Workers inspect a sample of the new standard size railway line at Changamwe Railway Station in Mombasa. FILE
By EDWIN MUTAI,
In Summary
- Although two parliamentary committees are carrying out parallel investigations, there are signs that Parliament may not have the capacity to conduct conclusive investigations.
- Glaring gaps emerged following the interrogation of top government officials involved in the Sh1.2 trillion railway.
As investigations into the controversial
multi-billion-shilling standard gauge railway tender simmers on, MPs are
raising more questions on a contract awarded to a Chinese firm.
Although two parliamentary committees are carrying
out parallel investigations, there are signs that Parliament may not
have the capacity to conduct conclusive investigations.
Glaring gaps emerged following the interrogation
of top government officials involved in the Sh1.2 trillion
Mombasa-Nairobi-Malaba-Kampala-Kigali/South Sudan railway.
The spotlight was directed on the actual cost of
the project after Treasury secretary Henry Rotich revealed an additional
Sh120 billion for land acquisition and construction of facilities to
service the modern rail line, putting the total cost of the 609
kilometre Mombasa-Nairobi railway to Sh447.9 billion.
Transport secretary Michael Kamau in his
submissions put the cost of the project at $3.8 billion (Sh327 billion).
The project was earlier estimated to cost Sh220 billion.
“The total cost is Sh327 billion from Mombasa to
Nairobi. Maybe some people have computed the total cost from Mombasa to
Kigali… we will do our own part.
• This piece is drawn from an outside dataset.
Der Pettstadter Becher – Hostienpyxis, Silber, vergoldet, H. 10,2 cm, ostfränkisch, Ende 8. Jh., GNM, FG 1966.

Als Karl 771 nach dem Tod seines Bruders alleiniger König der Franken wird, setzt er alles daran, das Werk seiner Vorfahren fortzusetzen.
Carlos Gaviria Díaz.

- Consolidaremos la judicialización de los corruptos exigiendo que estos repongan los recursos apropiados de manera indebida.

The additional expenditure is the cost
of the loan and acquisition of land to build the rail,” Mr Rotich told
the House Transport committee chaired by Starehe MP Maina Kamanda on
Friday.
Confusion ensued after the Treasury said it had
not entered into any sovereign agreement to secure $3.2 billion (85 per
cent) from China Exim Bank and that a 6.7 per cent (Sh9 billion)
insurance cover had been imposed on the $1.6 billion commercial loan.
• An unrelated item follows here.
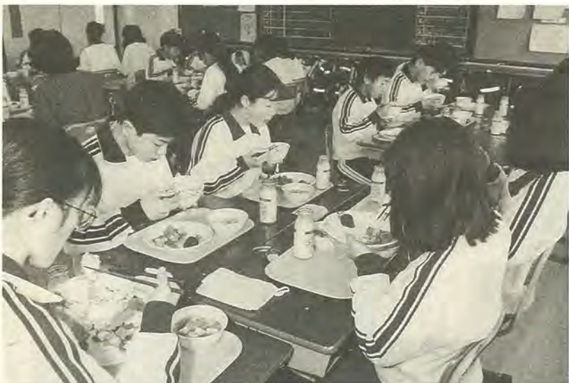
新たに中学校二校に給食室を作ります

The ministries of Transport and Treasury, the
Attorney-General’s Office, Kenya Railways Corporation and the Public
Procurement Oversight Authority gave conflicting information on the
exact cost of the project and whether the Public Procurement and
Disposal Act was followed to the letter while awarding the tender to
China Road and Bridge Corporation (CRBC).
None of the government officials could unmask
faces behind the Chinese contractor with revelations that the firm,
which is said to have undertaken several projects in Kenya for over 20
years, was only registered in China in August 2005 — four years before
it mooted the multi-billion shillings rail tender.
The Treasury and Transport ministries as well as
the Attorney-General said they had no details with regard to the
directors of CBRC as MPs sought to know the people behind the company.
“As to the directors of the company, I have no
details with me now. What I know is that CRBC-Kenya Limited is an
overseas investment wing of China Roads Corporation, a government State
corporation,” Mr Rotich told MPs.
Mr Kamau, on the other hand, said he had no idea
“but what I can recall is that the directors’ names are Chinese.” When
asked, Attorney-General Githu Muigai said he needed time to check with
Kenya Railways Corporation, the procuring entity.
Doubts as to whether or not CRBC exists further
escalated when Parliament’s Public Investments Committee chairman Adan
Keynan revealed that the firm’s directors had failed to respond to
invitations to attend the committee’s sittings
“I want to inform you that CRBC management has
failed to turn up... and we have not received any communication from
them. Under the circumstances, we have no option other than to invoke
provisions of the Standing Orders and the Powers and Privileges Act to
issue summons for them to appear on Tuesday (today),” the Eldas MP said.